Following the preprocessing above, the histogram of a typical FLAIR image contains a single central peak that corresponds to normal brain pixels (Fig. 1). Leukoaraiosis lesion occupies the right-hand tail, and CSF and other background pixels occupy the left-hand tail. A fully automated statistically based method to segment this histogram into regions which are classified as lesion, CSF, and normal brain was derived (Figure 1).
The segmentation portion of the algorithm contains the following steps: i) The mode value in the histogram is identified. Prior to determining the mode value of each slice, the histogram was smoothed using a moving average of three adjacent bins in order to improve the stability of mode determination. ii) A horizontal cut point (labeled P in Figure 1) is established at 1/3 of the height of the mode value. The cutoff value of 1/3 the height of the mode (P in Fig. 1) was determined empirically to be a value that always resulted in inclusion of only normal brain pixels in the central portion of the histogram that was used for statistical analysis. The intensities at which the horizontal cutoff value (P) intersects the histogram are denoted as XL and XU. The pixels in the intensity histogram which lie in the interval XL and XU define a central region of the histogram that will always represent normal brain tissue. iii) The statistical properties of this central region of the histogram are characterized by five standard parameters—mean, skewness, standard deviation, kurtosis, and the total number of pixels in this region of the histogram. The statistical parameters above and the values XL and XU are now used as independent variables in regression equations that are used to determine the threshold values TL and TU (See Appendix). Pixels with intensity values greater than TU are classified as lesion, less than TL as CSF, and between TL and TU as normal brain (Fig. 2). The values TL and TU are established uniquely for each imaging slice. Thus, this approach is able to accommodate slice to slice variation in statistical properties of the intensity histogram when determining the values (TL and TU) which are used to segment the histogram.
The signal intensity of allocortex tends to be higher than that of isocortex on FLAIR images (22). Some limbic cortical areas typically have signal intensity that overlaps the intensity range occupied by leukoaraiosis. Areas in the posterior limb of the internal capsule may normally appear bright on FLAIR images as well (23). Central grey nuclei in which dense physiologic mineral deposition has occurred overlap the intensity range of CSF. The classification of these incorrectly classified pixels was manually changed from CSF to brain prior to recording leukoaraiosis and brain volumes.
In order to derive the equations that most accurately predict TL and TU from the central portion of FLAIR histogram, image data was required that realistically portrayed the appearance of leukoaraiosis on FLAIR images but for which the true volumes were known. Synthetic phantom image datasets (corresponding to mild, moderate, and severe leukoaraiosis burden) from the FLAIR images of 10 normal elderly volunteers described earlier were used for this purpose. Subjects were selected who had only a minimal amount of leukoaraiosis present so as not to interfere with generating synthetic leukoaraiosis lesions. The correct TL and TU values for each image slice of each phantom were deduced using the known values of leukoaraiosis and brain volume of each phantom dataset. We then modeled TL and TU as dependent variables using the statistical parameters in the brain histogram of each slice of each of the phantom datasets as independent predictor variables. Stepwise regression was used, stepping up, with p <0.05 as the criteria for entry into the model. The possibility for non-linear associations and interactions were evaluated. The final equations are given in the Appendix.

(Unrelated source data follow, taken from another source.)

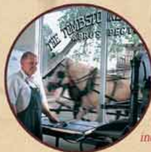
For details of the gunfight and murder inquest buy the 1881 Tombstone Epitaph.
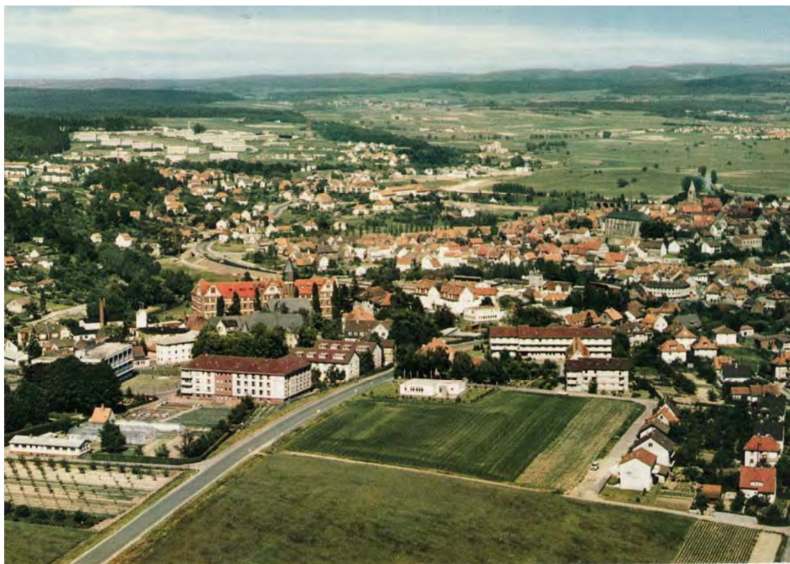
Aerial View of Treysa (Schwalmstadt), Germany....Ancestral Origin To Our Jungclas Family Line
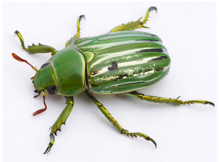
The Glorious Beetle, Plusiotis gloriosa found in Jerome, Arizona this year.

Although this seems to have been a poor gardening year, if you have extra fruits and vegetables consider giving some to your local food bank.
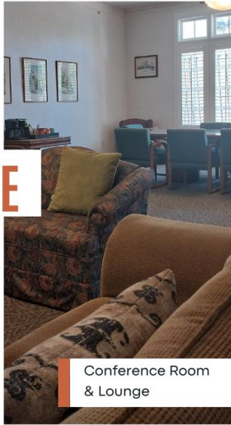
Conference Room & Lounge

When developing the segmentation algorithm, the values of TL and TU were known for each of the phantom datasets and the statistical parameters from the FLAIR histograms were treated as dependent variables in regression modeling. When using the FLAIR-histoseg algorithm to measure leukoaraiosis volume in patients, however, the procedure is reversed. That is, TL and TU are unknown and the statistical descriptors of the brain pixels in the central portion of the histogram (between XL and XU in Fig. 1) function as predictor variables in the algorithm. In order to assess the accuracy of the FLAIR-histoseg method, a second group of synthetic phantom datasets was generated. Nine elderly volunteers subjects with little or no leukoaraiosis were identified from the ADPR/ADRC. These were different from the 10 normals whose scans were used to develop the algorithm. Thus the phantom images used to test the algorithm were completely different from those used to develop the algorithm. This was done intentionally in order to avoid the built in bias toward an “accurate” test result had we developed the algorithm and then assessed how well it worked using the same data. Synthetic leukoaraiosis lesions of three different grades, mild, moderate, and severe were embedded in the scans as described previously. The volume of the brain and the leukoaraiosis volume were computed using the FLAIR-histoseg method. The known brain volumes and the manually delineated leukoaraiosis volumes for each dataset served as the gold standard against which the accuracy of the algorithm was compared.
To assess the reproducibility of the measurement technique, ten elderly volunteers for the ADPR/ADRC were asked to undergo two separate FLAIR imaging studies during the same MRI examination. The participants were selected consecutively, so a representative spectrum of leukoaraiosis severity was captured in this reproducibility study (Fig 3 and Fig 4). Following acquisition of an initial FLAIR sequence, each subject was removed from the scanner, the subject’s head was repositioned, and the subject was placed back into the MR scanner. A second FLAIR sequence identical to the first was then acquired as a separate examination, which entailed re-prescanning and re-auto-shimming. The volume of leukoaraiosis and total brain was measured using the FLAIR-histoseg algorithm. The coefficient of variation between the two examinations across all ten subjects was computed.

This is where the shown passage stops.